A clear definition of corporate obligations is unmistakably needed, so that the existing mechanisms available to enforce such obligations can apply such responsibilities, extraterritorially or not. Continued voluntary initiatives will maintain the status quo and leave conscientious companies at a disadvantage. Therefore, human rights standards for business must be enshrined at the multilateral level in order to apply to all corporations, not merely the most progressive. The playing field desperately needs to be leveled, not only for the business bottom line but for the communities in which these companies work.
An international standard will apply, no matter the company, the industry, the host or home state. An international standard will equally apply to Chinese and American companies violating human rights. Violations that take place in Burma or Canada will be given the same accountability and enforcement. Forced labor in the extractives industries will be given the same attention as child labor in the apparel and footwear industries.

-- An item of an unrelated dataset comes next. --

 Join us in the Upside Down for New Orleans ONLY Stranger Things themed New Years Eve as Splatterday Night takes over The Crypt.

This is clearly the purpose of this whole UN exercise, from the establishment of the Working Group on the Activities of Transnational Corporations in 1999 to Ruggie’s current appointment as SRSG. We know that the establishment of a separate mechanism to hear complaints against corporations for human rights abuses is also necessary so that the problem of extraterritorial jurisdiction can be avoided. Unfortunately, based on Ruggie’s interim report that solution seems far indeed and will most likely not be addressed even in his final report.

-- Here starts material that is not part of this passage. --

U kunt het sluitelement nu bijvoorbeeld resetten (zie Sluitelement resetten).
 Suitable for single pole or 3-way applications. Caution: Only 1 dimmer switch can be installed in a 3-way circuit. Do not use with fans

Ensure Broad Consultation and Transparency
Whatever course Ruggie takes with his mandate, broader consultation and transparency in the process is desperately needed. Over the last 8 months, NGOs have scrambled to discover where Ruggies next consultations will be and to find opportunities to engage him. Ruggie’s consultations thus far have clearly been slanted in favor of corporations. That is clear given the tone of his Interim Report. The input he has had from NGOs and civil society has been purely due to their own efforts and initiative. We sincerely hope that the SRSG will increase his consultations with civil society in general, particularly with those communities suffering human rights abuses by corporation. We hope that Mr. Ruggie will have balanced consultations this year which will lead to him reconsidering the Norms. We also hope that Ruggie engages NGOs who are actively working on the development of a human rights impact assessment procedure to further assist him in meeting his mandate.
Unfortunately, the interim report suggests that the final report will not include any substantive changes or even suggestions for changes in the accountability gap that led to this process and thus, the SRSG will not be able to meet his mandate. However, miracles may happen, and hopefully the SRSG will listen to the calls of civil society, change his focus and use the experience of the representatives that came before him to lead us to common binding international standards. In the meantime, ERI will continue its efforts to find support for the Norms and the standard setting process as well as use whatever mechanisms are currently available to us to hold corporations accountable for environmental and human rights abuses.
Response from John Ruggie
Dear Ms. Manzella:
I have just seen your note on the EarthRights website, commenting on my interim report as the UN Secretary-General’s Special Representative for business and human rights. It is not my intention to respond in any detail here because that would cover some of the same ground as my lengthy response to the recent commentary by FIDH – the Fédération internationale des ligues des droits de l’Homme – both of which are posted on its website, and also by the Business and Human Rights Resource Center. Perhaps I can invite your readers who haven’t seen my letter to have a look at it.
But I cannot leave unchallenged your remarks belittling and distorting the process leading up to the report’s release. There is too much at stake and your readers deserve to know the facts.
You get off to a bad start by saying that Ruggie “finally” made public his interim report – as if I had somehow delayed its release. The report was intended for discussion at the Human Rights Commission in late March or early April. I submitted my draft in early February, and the Office of the High Commissioner, after the usual copy-editing process, made it public at the end of February. End of story. But far more egregious is your fabrication of my process of consulting with stakeholders before completing my report. Here is what you say: “Over the last 8 months, NGOs have scrambled to discover where Ruggie’s next consultations will be and to find opportunities to engage him. Ruggie’s consultations thus far have clearly been slanted in favor of corporations….The input he has had from NGOs and civil society has been purely due to their own efforts and initiative. We sincerely hope that the SRSG will increase his consultations with civil society in general, particularly with those communities suffering human rights abuses by corporations.”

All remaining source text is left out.